The reopening of Los Angeles libraries could be mistakenly taken as a sign that the city’s pervasive budget problems are abating. But according to the editorial writers at the L.A. Daily News, that would be a misconception. Instead, the city is restoring library services at the cost of other city services that the editorial staff has deemed “more vital.”

When the city council approved a 2011 ballot initiative, Measure L, they paved the way for a greater percentage of city revenues to be dedicated to libraries. That decision provided the additional funding necessary to reopen the libraries that had been shuttered one day per week and rehire some of the 300 librarians that had been laid off.

However, that money had to come from somewhere, and now other programs throughout the city are absorbing the $50 million that the editorial writers say has been taken from Peter to pay for Paul’s libraries.

From the Daily News:

Los Angeles city libraries have reopened on Mondays, librarians are being hired back, and soon Sunday hours will be restored.

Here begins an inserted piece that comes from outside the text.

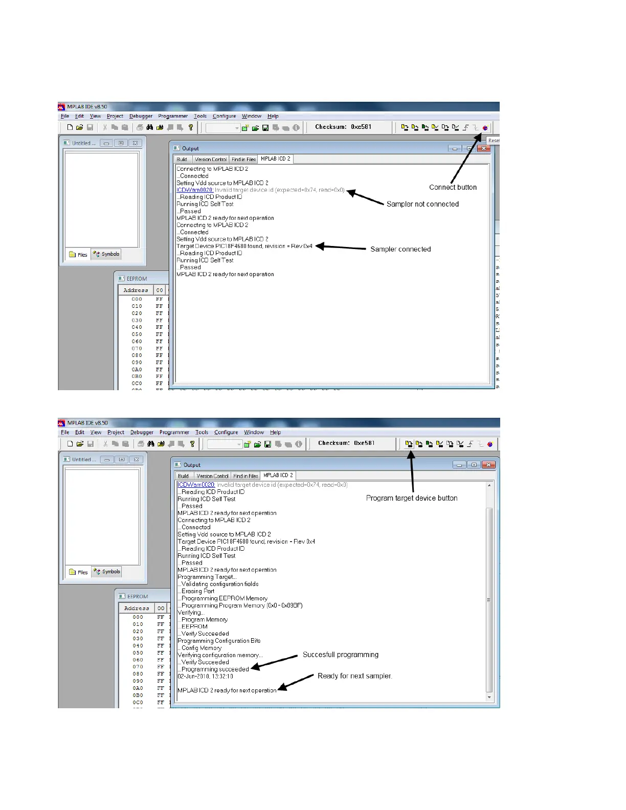 8. Use the Connect button for the programmer to connect to the sampler :

All must be well with the treasury of the City of Angels, after several years of financial chaos, to enable this icon of the municipality to be fully funded once again.

That’s a nice narrative, but it’s not true. For one thing, not all of the 300 librarians cut from the cities libraries in the last two years have or will come back.

But, more importantly, the city’s perilous budget condition isn’t miraculously cured; the Monday hours simply reflect a rejiggering of funding priorities authorized by the majority of city voters who endorsed Measure L in March. It didn’t create any new funding source or savings; it asked voters to simply change the City Charter to guarantee the libraries a higher percentage of the city’s revenues each year than it had been receiving — from .0175 percent of the assessed value of all property in the city to .03 percent.